To find such a boat—one that possessed many desirable points in a small hull—had been with me a study of years. I commenced to search for it in my boyhood—twenty-five years ago; and though I have carefully examined numerous small boats while travelling in seven foreign countries, and have studied the models of miniature craft in museums, and at exhibitions of marine architecture, I failed to discover the object of my desire, until, on the sea-shore of New Jersey, I saw for the first time what is known among gunners as the Barnegat sneak-box.
Having owned, and thoroughly tested in the waters of Barnegat and Little Egg Harbor bays, five of these boats, I became convinced that their claims for the good-will of the boating fraternity had not been over-estimated; so when I planned my second voyage from northern America to the Gulf of Mexico, and selected the great water-courses of the west and south (the Ohio and Mississippi rivers) as the route to be explored and studied, I chose the Barnegat sneak-box as the most comfortable model combined with other advantages for a voyager's use. The sneak-box offered ample stowage capacity, while canoes built to hold one person were not large enough to carry the amount of baggage necessary for the voyage; for I was to avoid hotels and towns, to live in my boat day and night, to carry an ample stock of provisions, and to travel in as comfortable a manner as possible. In fact, I adopted a very home-like boat, which, though only twelve feet long, four feet wide, and thirteen inches deep, was strong, stiff, dry, and safe; a craft that could be sailed or rowed, as wind, weather, or inclination might dictate,—the weight of which hardly exceeded two hundred pounds,—and could be conveniently transported from one stream to another in an ordinary wagon.
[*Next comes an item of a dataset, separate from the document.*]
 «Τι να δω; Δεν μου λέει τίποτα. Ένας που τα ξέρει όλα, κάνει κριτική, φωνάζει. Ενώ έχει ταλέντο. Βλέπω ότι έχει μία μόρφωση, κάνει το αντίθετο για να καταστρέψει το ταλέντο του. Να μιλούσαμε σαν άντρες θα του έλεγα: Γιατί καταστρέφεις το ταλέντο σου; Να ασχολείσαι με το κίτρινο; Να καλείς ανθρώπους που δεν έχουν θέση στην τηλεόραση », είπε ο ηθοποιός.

A Nautilus, or any improved type of canoe, would have been lighter and more easily transported, and could have been paddled at a higher speed with the same effort expended in rowing the heavier sneak-box; but the canoe did not offer the peculiar advantages of comfort and freedom of bodily motion possessed by its unique fellow-craft. Experienced canoeists agree that a canoe of fourteen feet in length, which weighs only seventy pounds, if built of wood, bark, canvas, or paper, when out of the water and resting upon the ground, or even when bedded on some soft material, like grass or rushes, cannot support the sleeping weight of the canoeist for many successive nights without becoming strained.
Light indeed must be the weight and slender and elastic the form of the man who can sleep many nights comfortably in a seventy-pound canoe without injuring it. Cedar canoes, after being subjected to such use for some time, generally become leaky; so, to avoid this disaster, the canoeist, when threatened with wet weather, is forced to the disagreeable task of troubling some private householder for a shelter, or run the risk of injuring his boat by packing himself away in its narrow, coffin-like quarters and dreaming that he is a sardine, while his restless weight is every moment straining his delicate canoe, and visions of future leaks arise to disturb his tranquillity.
The one great advantage possessed by a canoe is its lightness. Canoeists dwell upon the importance of the LIGHT WEIGHT of their canoes, and the ease with which they can be carried. If the canoeist is to sleep in his delicate craft while making a long journey, she must be made much heavier than the perfected models now in use in this country, many of which are under seventy-five pounds' weight. This additional weight is at once fatal to speed, and becomes burdensome when the canoeist is forced to carry his canoe upon his OWN shoulders over a portage. A sneak-box built to carry one person weighs about three times as much as a well-built cedar canoe.